How SMPTE timecode works
A SMPTE timecode labels a specific frame as HH:MM:SS:FF at a chosen frame rate. The first three fields are clock-style; the last is the frame index within the second.
Non-drop-frame (NDF)
NDF counts every frame sequentially with no skips - the labels are a pure counter.
total_frames = (HH × 3600 + MM × 60 + SS) × fps_int + FF
seconds = total_frames / fps_real
For 29.97 NDF the labels tick at 30 per second but real time only advances at 29.97/sec, so the labels drift ahead by roughly 3.6 seconds per hour. This drift is exactly what drop-frame timecode corrects.
Drop-frame (DF) - 29.97 and 59.94 only
Drop-frame skips the first two frame numbers at the start of every minute except every 10th minute. So at 29.97 DF, after 00:00:59;29 the next frame is 00:01:00;02 (two numbers skipped), and the minute 10 boundary skips nothing (00:09:59;29 → 00:10:00;00).
drops_in_hh_mm_ss = 2 × (total_minutes - floor(total_minutes / 10))
total_frames = (HH × 3600 + MM × 60 + SS) × 30 + FF - drops
For 59.94 DF the same rule applies but 4 frame numbers are skipped (00, 01, 02, 03) instead of 2.
Worked example - 29.97 drop-frame
- The timecode that immediately follows
00:00:59;29is00:01:00;02- frames;00and;01are skipped. - The label
00:01:00;02is the 1,800th frame (frame number 1799 zero-indexed), matching the 1,800 frames played in 60.06 real seconds. - The timecode that follows
00:09:59;29is00:10:00;00- frames;00and;01are not skipped, because 10 is a multiple of 10. - Over a full hour, drop-frame skips 9 × 6 × 2 = 108 frame numbers, exactly compensating for the 3.6-second drift NDF would produce.
Frame rate reference
| Frame rate | Real fps | Counter fps | Drop-frame? | Separator | Use case |
|---|---|---|---|---|---|
| 23.976 | 24000/1001 | 24 | NDF only | : | Film, 23.976p video |
| 24 | 24 | 24 | NDF only | : | Digital cinema |
| 25 | 25 | 25 | NDF only | : | PAL television |
| 29.97 NDF | 30000/1001 | 30 | No | : | NTSC (drifts vs real-time) |
| 29.97 DF | 30000/1001 | 30 | Yes, drop 2/min | ; | NTSC broadcast (sync to wall-clock) |
| 30 | 30 | 30 | NDF only | : | Web video, web cinema |
| 50 | 50 | 50 | NDF only | : | PAL high-frame-rate |
| 59.94 NDF | 60000/1001 | 60 | No | : | NTSC HFR (drifts) |
| 59.94 DF | 60000/1001 | 60 | Yes, drop 4/min | ; | NTSC HFR broadcast |
| 60 | 60 | 60 | NDF only | : | Web HFR |
Frequently Asked Questions
What is drop-frame timecode?
Drop-frame is the convention for 29.97/59.94 fps NTSC video that keeps the labeled clock aligned with real wall-clock time.
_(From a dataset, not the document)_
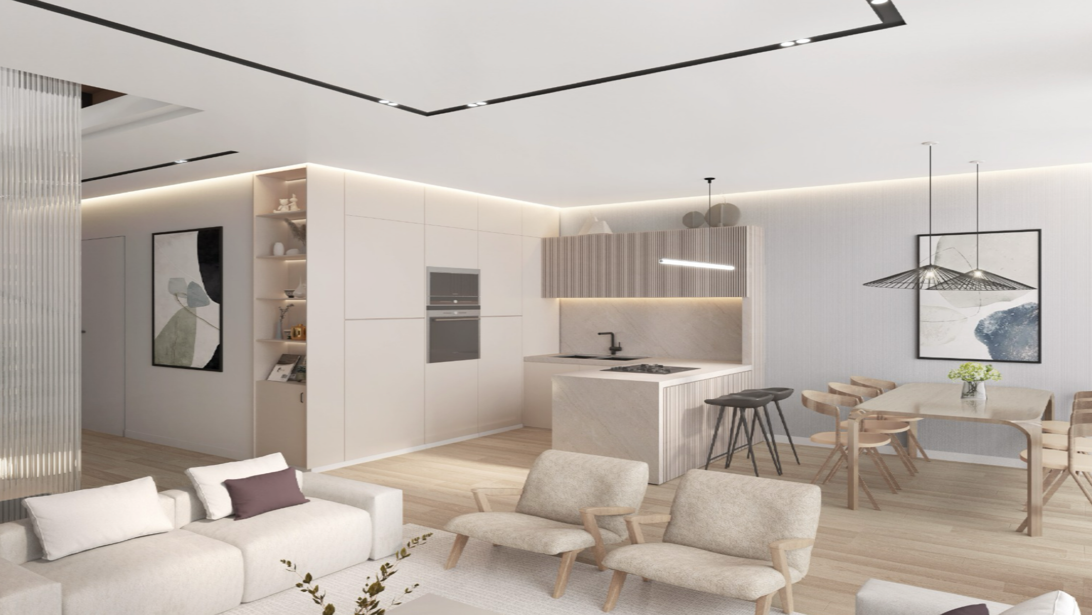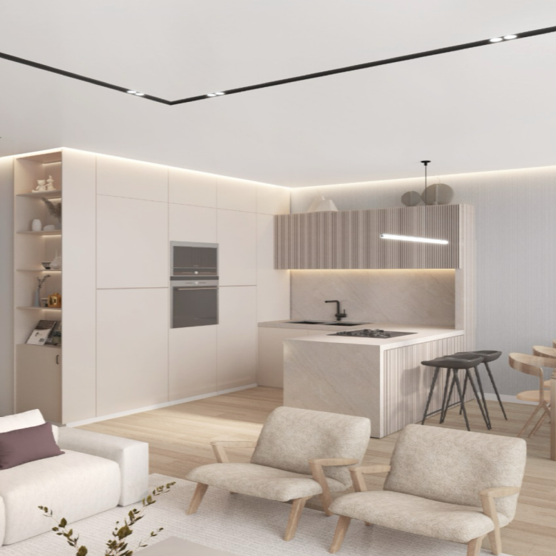 Each residence has been crafted to maximize light, space, and functionality. Private balconies and terraces invite outdoor living, while interiors feature contemporary kitchens with premium cabinetry and countertops, fully tiled bathrooms, and central air conditioning. Select units include maid’s rooms, laundry spaces, private bedrooms with en-suite bathrooms, and even the option for internal elevators — all tailored to modern family life.

NTSC plays at 30000/1001 fps, so a 30-fps counter would drift ~3.6 s per hour. Drop-frame skips the first two frame numbers at the start of every minute except every 10th minute (108 skipped per hour at 29.97), which compensates exactly.
How many frames are in a minute at 29.97 fps?
At 29.97 NDF, a minute contains 1,800 frame labels (30 × 60). At 29.97 DF the labels still cover 1,800 frame positions per minute, but at the start of 9 out of every 10 minutes two frame numbers are skipped, so only 1,798 numbered frames appear in those minutes.
How do I convert timecode to seconds?
Convert the timecode to a total frame count, then divide by the real frame rate. For 29.97 NDF: frames = (HH×3600 + MM×60 + SS)×30 + FF, then seconds = frames / 29.97. For 29.97 DF subtract 2 dropped frames for every minute that is not a multiple of 10 before dividing.
What is the difference between drop-frame and non-drop-frame?
NDF counts every frame sequentially - labels drift from real time at NTSC rates. DF skips two frame numbers at the start of 9 out of every 10 minutes so the labels stay synced to wall-clock. DF timecodes are written with a semicolon (00:01:00;02), NDF with a colon (00:01:00:00).